Segment Start: EXERCISE MATERIALS

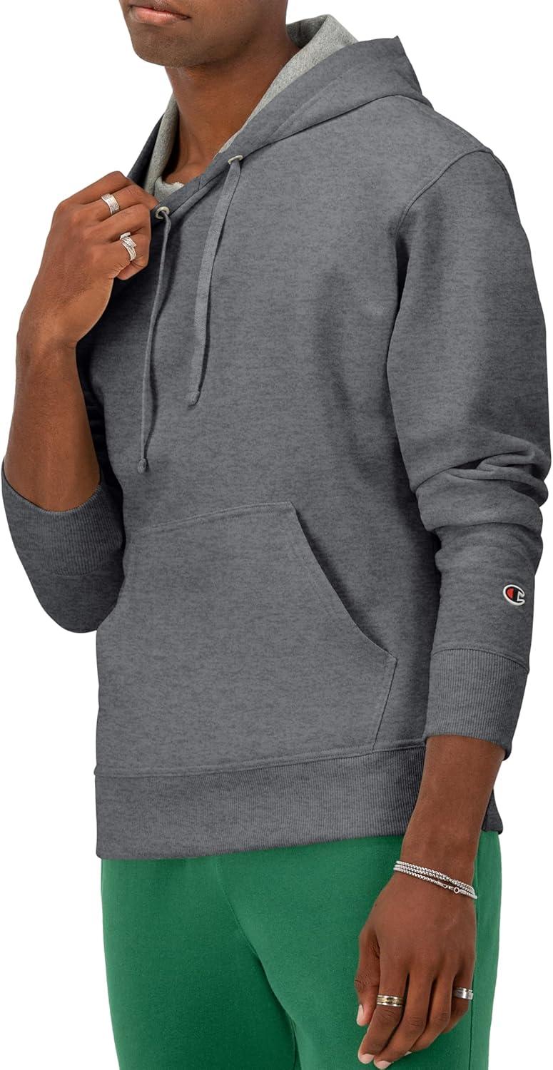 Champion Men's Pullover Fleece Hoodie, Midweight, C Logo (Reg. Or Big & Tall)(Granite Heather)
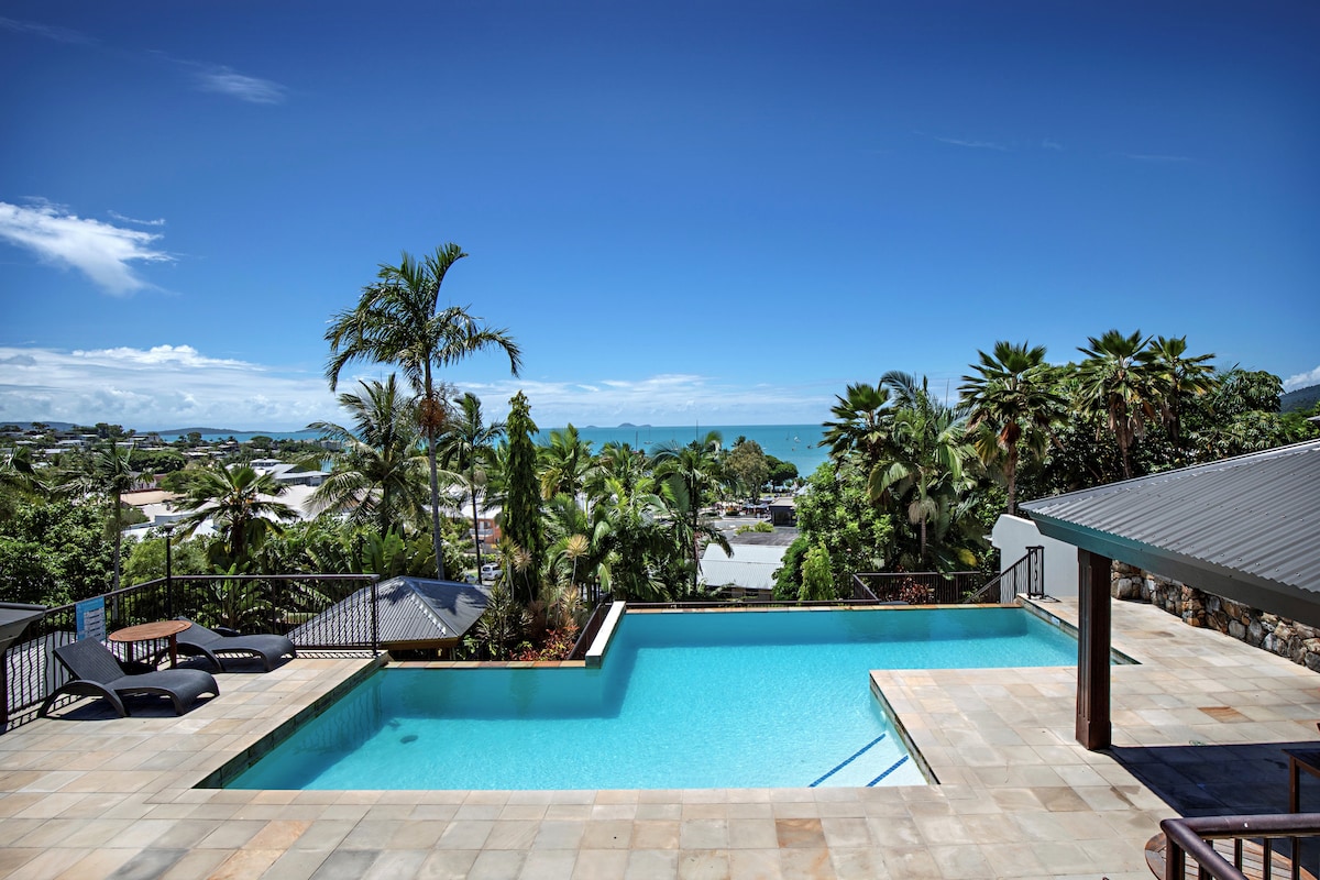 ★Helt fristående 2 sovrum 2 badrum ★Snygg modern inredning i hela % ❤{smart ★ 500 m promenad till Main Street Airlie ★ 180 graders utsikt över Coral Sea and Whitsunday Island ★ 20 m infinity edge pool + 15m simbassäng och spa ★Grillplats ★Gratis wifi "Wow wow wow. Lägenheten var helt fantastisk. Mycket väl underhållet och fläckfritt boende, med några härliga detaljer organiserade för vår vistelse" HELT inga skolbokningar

Segment End: EXERCISE MATERIALS
Segment Start: EXERCISE MATERIALS

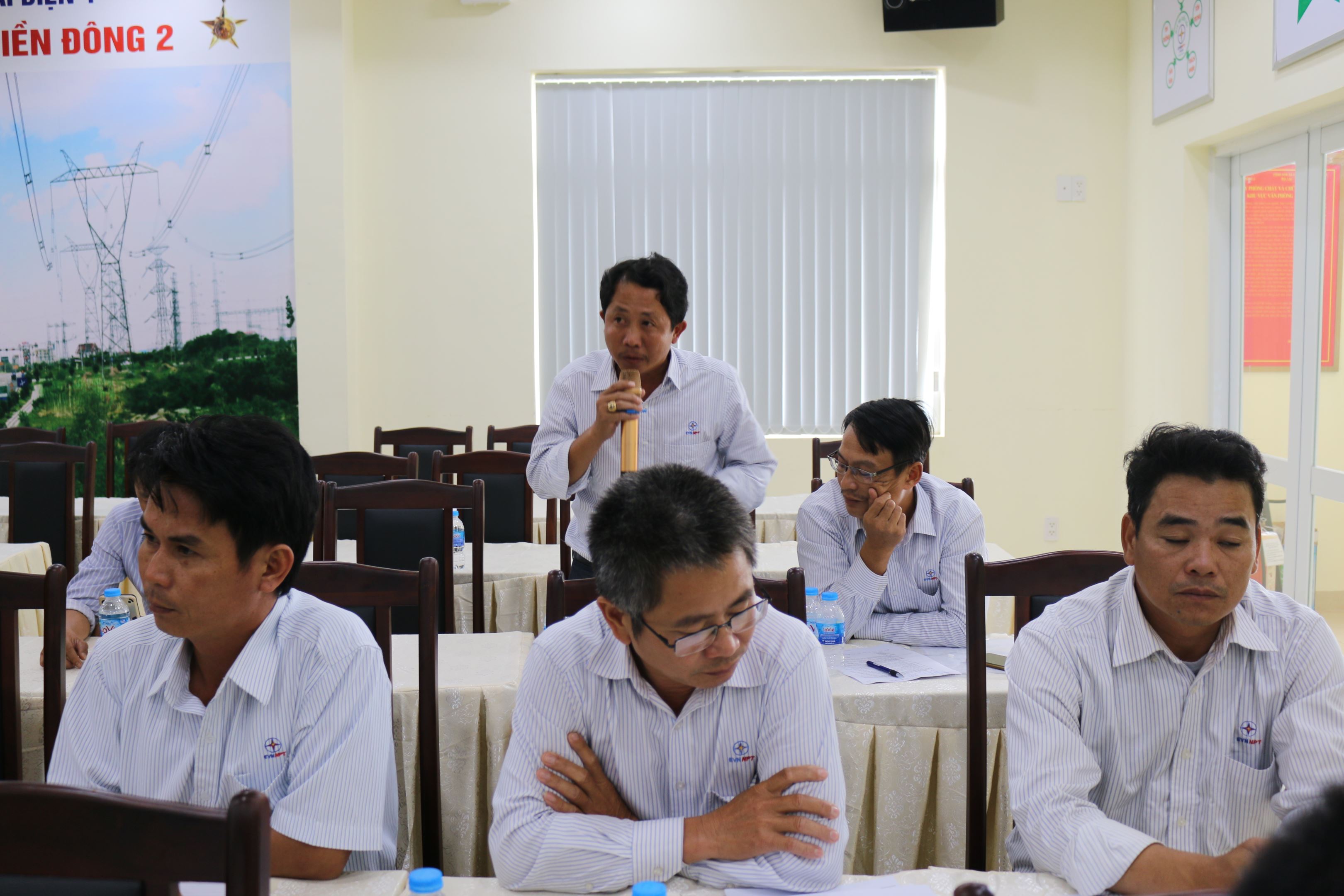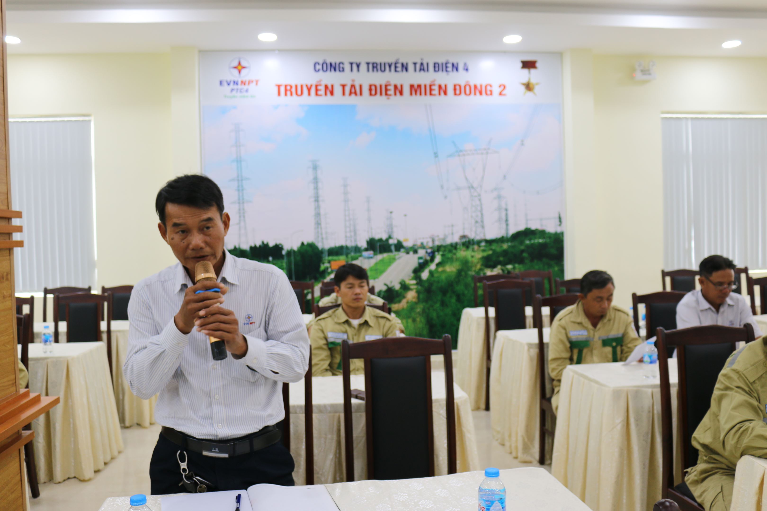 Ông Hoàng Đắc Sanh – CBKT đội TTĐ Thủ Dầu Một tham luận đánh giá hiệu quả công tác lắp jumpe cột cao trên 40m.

Segment End: EXERCISE MATERIALS

▸ **YOUR INSTRUCTIONS**:
Within the listing above, copy exactly the lines that start at the one with "Champion Men's Pullover" and continue through the one with "HELT inga skolbokningar". Omit pictures.

▸ **RESPONSE**:
 Champion Men's Pullover Fleece Hoodie, Midweight, C Logo (Reg. Or Big & Tall)(Granite Heather)
 ★Helt fristående 2 sovrum 2 badrum ★Snygg modern inredning i hela % ❤{smart ★ 500 m promenad till Main Street Airlie ★ 180 graders utsikt över Coral Sea and Whitsunday Island ★ 20 m infinity edge pool + 15m simbassäng och spa ★Grillplats ★Gratis wifi "Wow wow wow. Lägenheten var helt fantastisk. Mycket väl underhållet och fläckfritt boende, med några härliga detaljer organiserade för vår vistelse" HELT inga skolbokningar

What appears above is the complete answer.